The clock above her head clicks over and the changeover bell screams out — the data will have to wait; she could fit it in between planning tomorrow's lessons and kicking out time. Last time she had stayed in five minutes after, it had cost the school £200 in charges. Wistfully she recalls her earlier days in teaching, was it really only five years ago?
She opines: ‘Within this parliamentary term, we are in danger of creating a lost generation — students who may be disengaged by a curriculum of facts and figures, who find limited and marginalised opportunities for vocational learning.’
One has to wonder how many schools Mary Bousted has visited over recent years, and question her knowledge of the past three generations of children, let alone the one to come. ‘Disengaged’ is nothing new, and youth unemployment reached record levels under her beloved Labour: it is not a coalition creation.
But it is on pay and conditions that ATL militancy is perhaps most apparent. Mary Bousted is of the view that the abolition of a national pay scale will make it ‘much harder for teachers to move between schools and around the country’.
This is nonsense: by giving headteachers and governors control over pay, it will liberate them to attract staff to problem areas and retain them. It is hard enough being a teacher in inner London without having to worry about how you can simultaneously afford to pay a mortgage and raise a family. Schools will be free to pay support staff and part-time workers what they need to in order to suit local economic circumstances. And Dr Bousted is implacably opposed to bonuses and performance-related pay, propagating the lie (again) that pupils' raw attainment in national tests or internal assessment will be the only measure of pupil progress or teacher performance. Has she not heard of CVA? And how’s this for fear inducement: ‘Once you take the local authority out of the picture there is no safety net for schools or pupils that fall through the cracks.’ Has she not heard of the ‘Pupil Premium’? Does she seriously believe that SEN children will be thrown into the gutters by this government? Does she have any idea of what the Prime Minister has personally experienced with his son, Ivan? Leaving children to 'fall through the cracks' is not a remote possibility.

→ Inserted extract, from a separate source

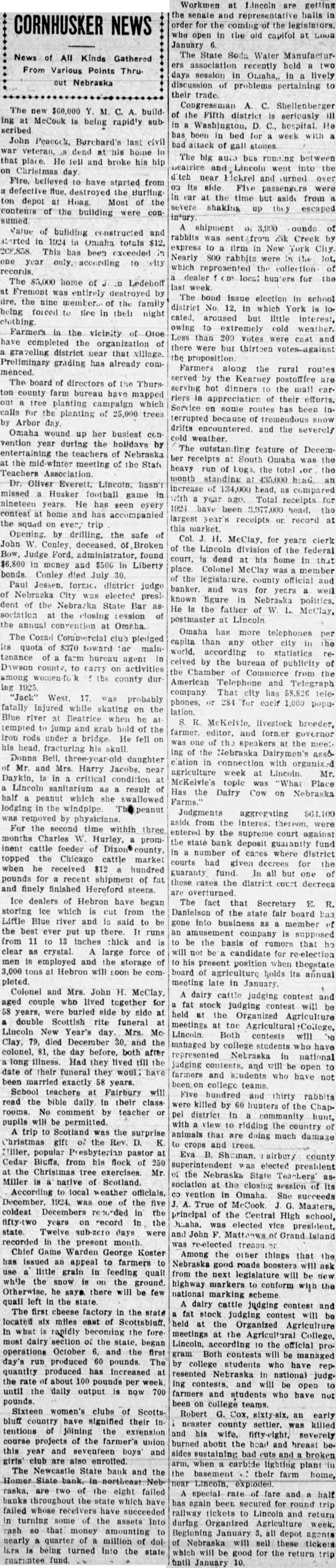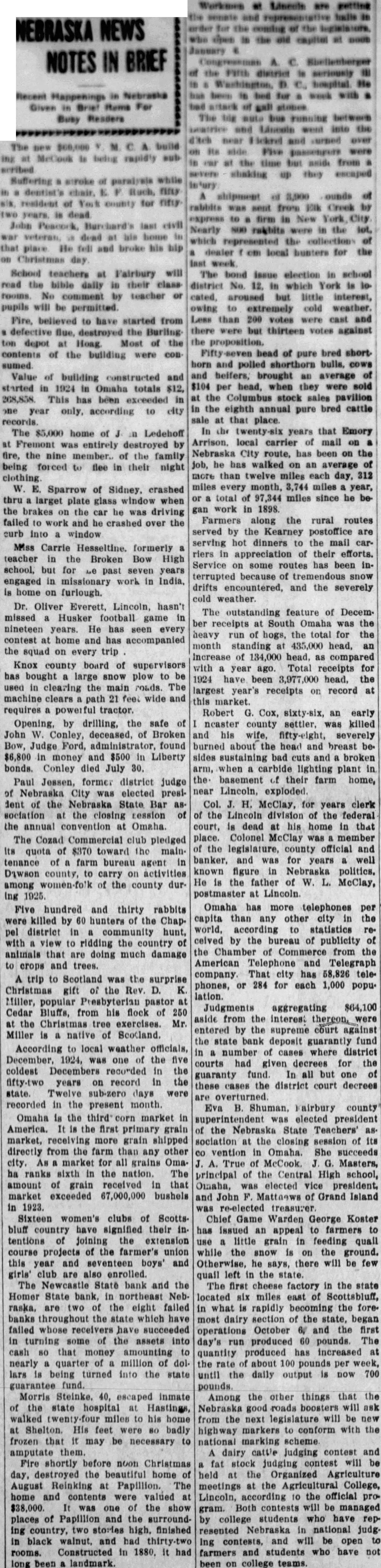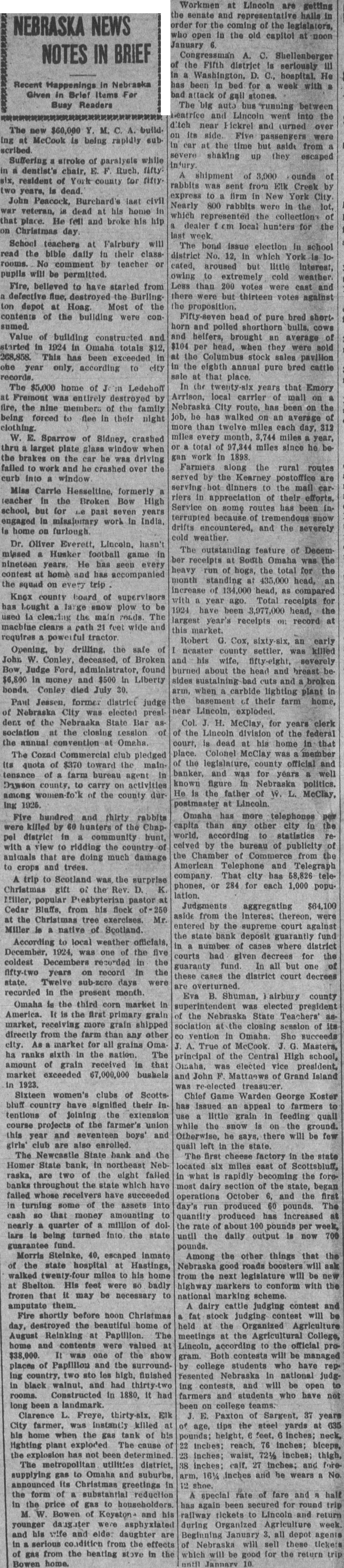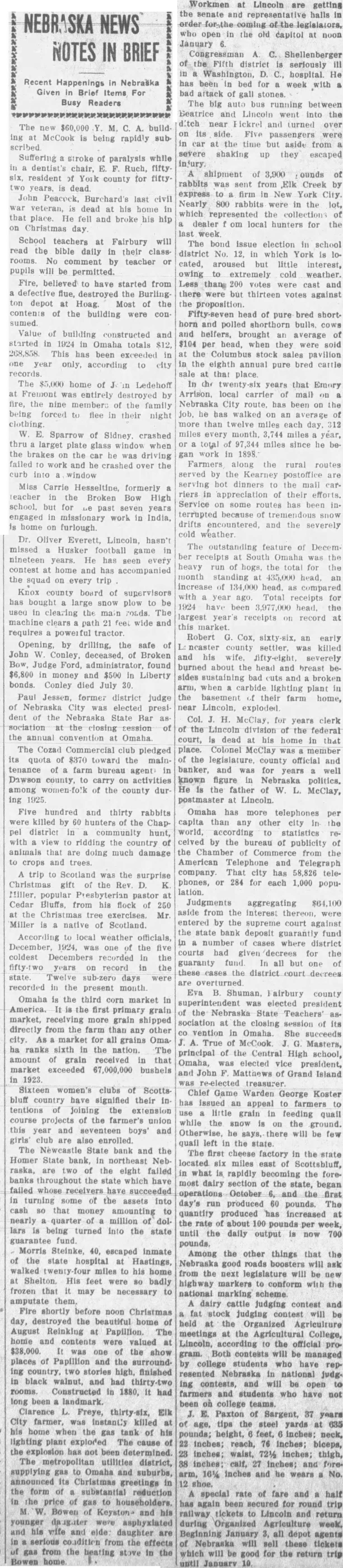CONDENSED STATE NEWS The new $60,000 Y. M. C. A. build ing at McCook is being rapidly subSuffering a stroke of paralysis while in a dentist's chair, E. F. Ruch, fifty. six, resident of York county for fifty. two years, is dead. John Peacock, Burchard's last civil war veteran, is dead at his home in that place. He fell and broke his hip on Christmas day. School teachers at Fairbury will read the bible daily in their classrooms. No comment by teacher or pupils will be permitted. Fire, believed'to have started from a defective flue, destroyed the Burling ton depot at Hoag. Most of the contents of the building were con sumed. Value of building constructed and started in 1924 in Omaha totals $12, 268,858. This has been exceeded in one year only, according to city records. The $5,000 home of J in Ledehoff at Fremont was entirely destroyed by fire, the nine members of the family being forced to flee in their night clothing. W. E. Sparrow of Sidney, crashed thru larget plate glass window when the brakes on the car he was driving failed to work and he crashed over the curb into window Miss Carrie Hesseltine, formerly a teacher in the Broken Bow High school, but for Le past seven years engaged in missionary work in India, is home on furlough. Dr. Oliver Everett, Lincoln, hasn't missed a Husker football game in nineteen years. He has seen every contest at home and has accompanied the squad on every trip Knox county board of supervisors has bought a large snow plow to be used in clearing the main roads. The machine clears path 21 feet wide and requires a powerful tractor. Opening, by drilling, the safe of John W. Conley, deceased, of Broken Bow, Judge Ford, administrator, found $6,800 in money and $500 in Liberty bonds. Conley died July 30. Paul Jessen, former district judge of Nebraska City was elected president of the Nebraska State Bar as sociation at the closing Lession of the annual convention at Omaha. The Cozad Commercial club pledged its quota of $370 toward the maintenance of a farm bureau agent in Dawson county, to carry on activities among women-fo'k of the county dur ing 1925. Five hundred and thirty rabbits were killed by 60 hunters of the Chappel district in a community hunt, with a view to ridding the country of animals that are doing much damage to crops and trees. A trip to Scotland was the surprise Christmas gift of the Rev. D. K Miller, popular Presbyterian pastor at Cedar Bluffs, from his flock of 250 at the Christmas tree exercises. Mr. Miller is a native of Scotland. According to local weather officials December, 1924, was one of the five coldest Decembers recorded in the fifty-two years on record in the state. Twelve sub-zero days were recorded in the present month. Omaha is the third corn market in America. It is the first primary grain market, receiving more grain shipped directly from the farm than any other city. As a market for all grains Oma ha ranks sixth in the nation. The amount of grain received in that market exceeded 67,000,000 bushels in 1923. Sixteen women's clubs of Scotts bluff country have signified their in tentions of joining the extension course projects of the farmer's union this year and seventeen boys' and girls' club are also enrolled. The Newcastle State bank and the Homer State bank, in northeast Neb raska, are two of the eight failed banks throughout the state which have failed whose receivers have succeeded in turning some of the assets into cash 80 that money amounting to near'" a quarter of a million of dol lars id being turned into the state guarantee fund. Morris Steinke. 40, escaped inmate of the state hospital at Hastings walked twenty-four miles to his home at Shelton. His feet were 80 badly frozen that it may be necessary to amputate them. Fire shortly before noon Christmas day, destroyed the beautiful home 01 August Reinking at Papillion. The home and contents were valued a $38,000. It was one of the show places of Papillion and the surround ing country. two stories high, finished in black walnut, and had thirty-two rooms. Constructed in 1880. it had long been a landmark. Clarence L. Freye, thirty-six, Elk City farmer, was instantly killed at his home when the gas tank of his lighting plant exploded The cause of the explosion has not been determined The metropolitan utilities district, supplying gas to Omaha and suburbs, announced its Christmas greetings in the form of a substantial reduction in the price of gas to householders. M. W. Bowen of Keyston- and his younger daughter were asphyxiated and his wife and elde: daughter are in a serious condition from the effects of gas from the heating stove in the Bowen home. Workmen at Lincoln are getting the senate and representative halls in order for the coming of the legislators, who open in the old capitol at noon January 6. Congressman A. C. Shellenberger of the Fifth district is seriously III in a Washington, D. C., hospital. He has been in bed for a week with.a bad attack of gall stones. The big auto bus running between Beatrice and Lincoln went into the itch near Hickrel and turned over on its side. Five passengers were in car at the time but aside from a severe shaking up they escaped injury. A shipment of 3,900 ounds of rabbits was sent from Elk Creek by express to a firm in New York City. Nearly 800 rabbits were in the lot, which represented the collections of a dealer f om local hunters for the last week. The bond issue election in school district No. 12, in which York is located, aroused but little interest, owing to extremely cold weather. Less than. 200 votes were cast and there were but thirteen votes against the proposition. Fifty-seven head of pure bred shorthorn and polled shorthorn bulls, cows and helfers, brought an average of $104 per head, when they were sold at the Columbus stock sales pavilion in the eighth annual pure bred cattle sale at that place. In the twenty-six years that Emory Arrison, local carrier of mall on a Nebraska City route, has been on the job, he has walke

But, nevertheless, she trumpets her ‘wake-up call’ because ‘the vision laid out here is bleak’. She declares:
The profession must wake up to the scale, ambition and purpose of this government's education plans. It must realise that the government plans for education are of a piece with its plans for health. Both will become the province of 'any willing provider'. The consequences, for students and for staff, will be incalculable.The end of state education? That doesn’t sound militant at all, Dr Bousted. No, not at all.
We know that you will be accustomed to tolerating the latest education initiative while getting on with teaching your pupils, but believe me, this is more than tinkering around the edges — this is the end of state education. There will be no way back if the coalition's reforms go through.